= Beginning of Section =
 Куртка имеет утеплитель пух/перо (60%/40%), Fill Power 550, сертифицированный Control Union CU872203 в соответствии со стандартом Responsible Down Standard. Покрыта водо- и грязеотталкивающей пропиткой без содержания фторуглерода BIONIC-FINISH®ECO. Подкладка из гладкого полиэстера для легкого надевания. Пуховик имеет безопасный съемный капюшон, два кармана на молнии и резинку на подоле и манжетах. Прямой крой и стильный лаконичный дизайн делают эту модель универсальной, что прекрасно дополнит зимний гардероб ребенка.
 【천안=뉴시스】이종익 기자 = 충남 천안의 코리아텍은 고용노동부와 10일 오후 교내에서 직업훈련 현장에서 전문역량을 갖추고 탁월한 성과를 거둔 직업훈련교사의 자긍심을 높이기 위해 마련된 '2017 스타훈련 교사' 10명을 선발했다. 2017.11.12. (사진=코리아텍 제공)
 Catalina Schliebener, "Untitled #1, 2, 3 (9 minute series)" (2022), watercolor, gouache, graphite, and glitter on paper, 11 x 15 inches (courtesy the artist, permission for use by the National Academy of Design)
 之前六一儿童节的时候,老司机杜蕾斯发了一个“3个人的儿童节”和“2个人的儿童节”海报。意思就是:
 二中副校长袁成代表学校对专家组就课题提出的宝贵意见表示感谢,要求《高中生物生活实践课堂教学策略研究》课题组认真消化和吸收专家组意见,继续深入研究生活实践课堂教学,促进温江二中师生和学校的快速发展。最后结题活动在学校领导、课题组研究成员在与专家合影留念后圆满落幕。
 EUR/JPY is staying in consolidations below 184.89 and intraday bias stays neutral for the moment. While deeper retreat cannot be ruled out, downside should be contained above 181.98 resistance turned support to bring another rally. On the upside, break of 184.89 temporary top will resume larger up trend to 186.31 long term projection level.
= End of Section =
= Beginning of Section =
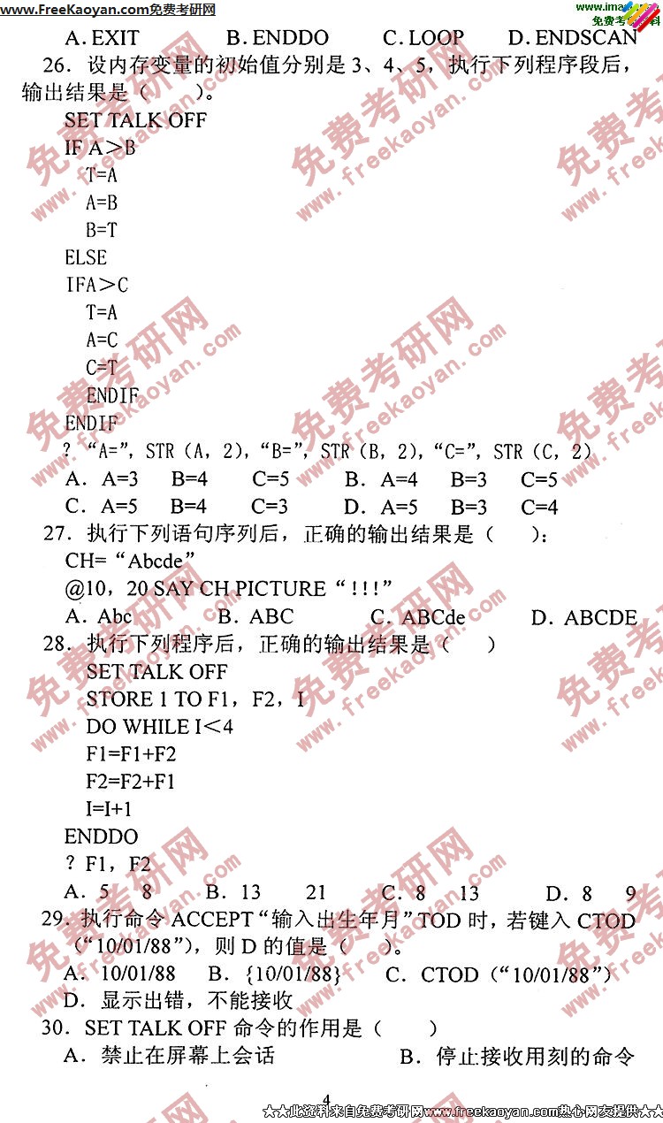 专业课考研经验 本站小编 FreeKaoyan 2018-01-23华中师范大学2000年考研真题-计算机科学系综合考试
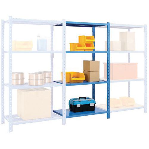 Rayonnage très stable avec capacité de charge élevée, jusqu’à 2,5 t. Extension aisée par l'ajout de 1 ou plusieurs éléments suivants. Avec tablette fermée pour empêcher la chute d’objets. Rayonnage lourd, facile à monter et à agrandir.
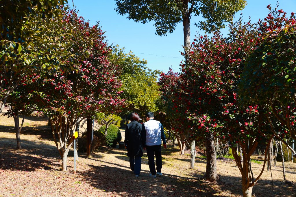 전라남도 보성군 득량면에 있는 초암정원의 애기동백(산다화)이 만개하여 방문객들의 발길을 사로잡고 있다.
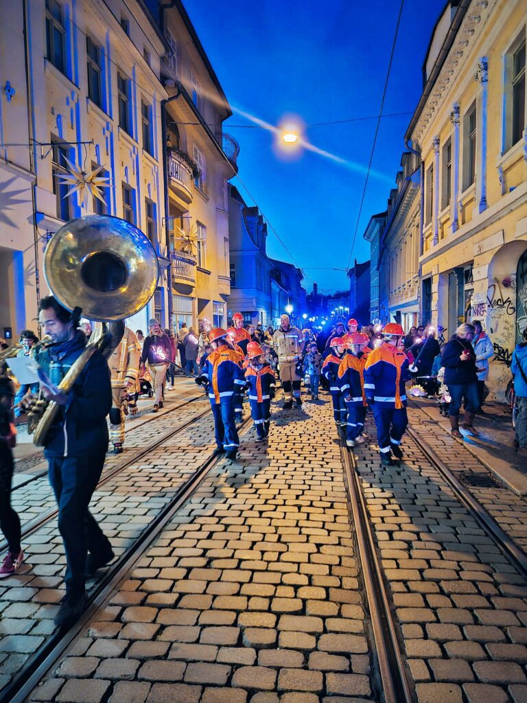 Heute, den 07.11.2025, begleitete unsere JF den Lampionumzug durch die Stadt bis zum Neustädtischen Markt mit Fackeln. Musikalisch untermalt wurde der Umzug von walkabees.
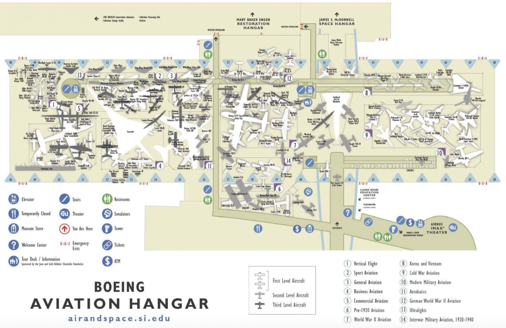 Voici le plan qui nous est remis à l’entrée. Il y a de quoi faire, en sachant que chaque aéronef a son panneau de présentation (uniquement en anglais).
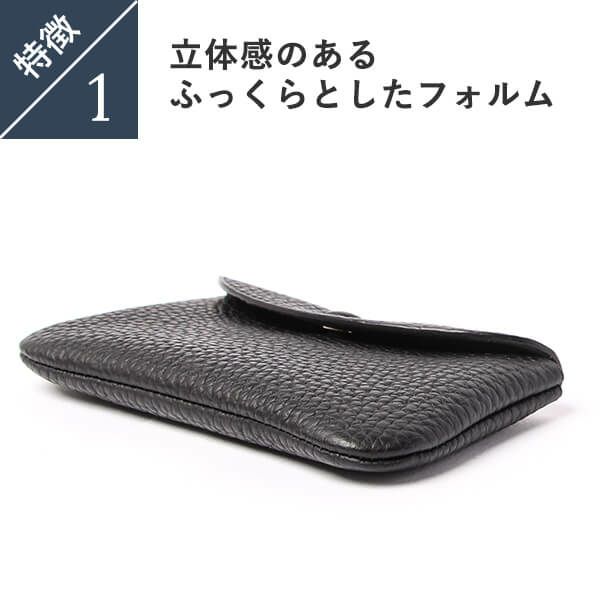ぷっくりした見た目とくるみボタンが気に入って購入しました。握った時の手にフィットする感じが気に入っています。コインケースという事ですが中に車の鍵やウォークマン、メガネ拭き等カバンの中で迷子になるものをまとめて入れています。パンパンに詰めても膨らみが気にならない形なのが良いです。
= End of Section =
Requirement.
Using the entries shown above, reproduce verbatim the lines from the line bearing "Academy of Design)" to the line bearing "之前六一儿童节的时候,老司机", inclusive.

Task output.
 Catalina Schliebener, "Untitled #1, 2, 3 (9 minute series)" (2022), watercolor, gouache, graphite, and glitter on paper, 11 x 15 inches (courtesy the artist, permission for use by the National Academy of Design)
 之前六一儿童节的时候,老司机杜蕾斯发了一个“3个人的儿童节”和“2个人的儿童节”海报。意思就是:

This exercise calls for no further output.